La pregunta que surge a continuación es: ¿qué está sucediendo dentro de los apoyos electorales de cada partido? La siguiente tabla presenta la intención directa de voto a PP y PSOE según la ideología de los entrevistados. Los datos revelan que el Partido Socialista ha reducido ligeramente sus apoyos entre los electores de izquierda, centro izquierda y sin ideología, aunque en estos dos últimos el descenso no es muy significativo y entra dentro de los márgenes de error de una encuesta. En cambio, el Partido Popular mantiene la intención de voto entre sus potenciales votantes (derecha y extrema derecha) y, al mismo tiempo, aumenta significativamente sus apoyos entre los ciudadanos que se ubican en el cinco de la escala ideológica y los que no declaran ideología alguna. En definitiva, estos datos revelan que el PSOE apenas sufre un ligero desgaste entre estos dos grupos de votantes, mientras que el PP aumenta de forma notable sus apoyos.

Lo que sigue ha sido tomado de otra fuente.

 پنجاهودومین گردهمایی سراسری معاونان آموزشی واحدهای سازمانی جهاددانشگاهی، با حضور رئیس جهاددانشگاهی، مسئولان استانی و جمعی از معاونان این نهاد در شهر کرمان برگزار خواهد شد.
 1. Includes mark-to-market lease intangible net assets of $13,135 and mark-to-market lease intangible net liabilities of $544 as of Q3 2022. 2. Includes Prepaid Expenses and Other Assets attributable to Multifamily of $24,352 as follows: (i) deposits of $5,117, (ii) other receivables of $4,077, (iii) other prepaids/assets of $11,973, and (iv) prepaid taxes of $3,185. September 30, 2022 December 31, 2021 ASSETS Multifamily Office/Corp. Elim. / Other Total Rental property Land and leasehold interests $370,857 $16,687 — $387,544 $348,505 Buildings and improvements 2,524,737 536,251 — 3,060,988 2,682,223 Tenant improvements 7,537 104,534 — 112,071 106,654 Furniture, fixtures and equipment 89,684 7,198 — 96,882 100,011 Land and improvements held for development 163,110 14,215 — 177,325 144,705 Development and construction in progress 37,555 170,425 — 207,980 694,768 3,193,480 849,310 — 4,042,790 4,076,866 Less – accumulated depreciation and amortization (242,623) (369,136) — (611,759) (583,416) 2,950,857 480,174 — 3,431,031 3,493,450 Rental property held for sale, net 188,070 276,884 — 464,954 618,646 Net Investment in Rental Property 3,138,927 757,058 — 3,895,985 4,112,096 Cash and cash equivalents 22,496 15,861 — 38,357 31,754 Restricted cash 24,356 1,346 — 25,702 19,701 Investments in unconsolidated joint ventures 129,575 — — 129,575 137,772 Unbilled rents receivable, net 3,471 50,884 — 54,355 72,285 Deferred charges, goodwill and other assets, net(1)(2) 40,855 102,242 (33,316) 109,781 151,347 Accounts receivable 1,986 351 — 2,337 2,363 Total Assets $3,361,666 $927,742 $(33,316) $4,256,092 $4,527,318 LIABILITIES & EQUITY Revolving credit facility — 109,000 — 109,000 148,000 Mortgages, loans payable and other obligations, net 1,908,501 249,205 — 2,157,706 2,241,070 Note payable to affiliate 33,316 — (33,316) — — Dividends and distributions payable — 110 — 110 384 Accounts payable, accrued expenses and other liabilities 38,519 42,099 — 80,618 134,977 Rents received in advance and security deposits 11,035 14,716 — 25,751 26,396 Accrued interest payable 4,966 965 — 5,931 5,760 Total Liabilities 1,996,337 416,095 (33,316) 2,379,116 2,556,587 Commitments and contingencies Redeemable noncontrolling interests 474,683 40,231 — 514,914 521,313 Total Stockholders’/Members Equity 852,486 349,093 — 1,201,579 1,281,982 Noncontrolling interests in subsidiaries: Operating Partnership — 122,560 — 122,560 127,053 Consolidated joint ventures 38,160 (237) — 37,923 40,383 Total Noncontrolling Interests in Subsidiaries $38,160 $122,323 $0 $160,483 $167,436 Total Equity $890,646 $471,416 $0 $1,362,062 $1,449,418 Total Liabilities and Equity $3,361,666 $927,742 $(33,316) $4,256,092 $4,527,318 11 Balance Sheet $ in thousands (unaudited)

Apoyos electorales a PSOE y PP según ideología de los votantes

Extrema Izquierda

(1-2)

Izquierda

(3-4)

Centro Izquierda (5)

Centro Derecha (6)

Derecha

(7-8)

Extrema Derecha

(9-10)

Sin ideología

PSOE Octubre 2007

51,76

71,53

36,2

5,63

5,1

5,71

26,55

Octubre 2008

53,53

66,66

34,65

10,04

2,99

2

25,32

PP Octubre 2007

0

1,65

18,99

76,19

83,52

85,71

18,27

Octubre 2008

0

3,5

23,72

68,03

85,9

88

23,7

Fuente: CIS barómetros de opinión

¿Qué está sucediendo? Hay dos posibles hipótesis a estos resultados: la moderación en el estilo de oposición y la crisis económica. Por un lado, quizás Mariano Rajoy ha conseguido convencer a los electores más moderados que ha abandonado la estrategia de la crispación. Por otro, puede que la errática gestión de la crisis económica en el arranque de la legislatura por parte del Gobierno haya trasladado una imagen de improvisación a una parte del electorado. Por ello, como señalo anteriormente, en el barómetro de julio de 2008 la diferencia entre PSOE y PP entre los votantes de centro izquierda es algo más de tres puntos. No obstante, el cambio de discurso por parte del Gobierno y la adopción de medidas económicas pueden que explique por qué en octubre de 2008 los socialistas recuperan parte de la ventaja perdida entre los electores que se sitúan en el cinco de la escala ideológica. En estos momentos, y con los datos disponibles, es difícil saber cuál de los dos argumentos es el correcto. Por ahora, lo único cierto es que el Partido Popular se aproxima peligrosamente al Partido Socialista en dos grupos de votantes clave.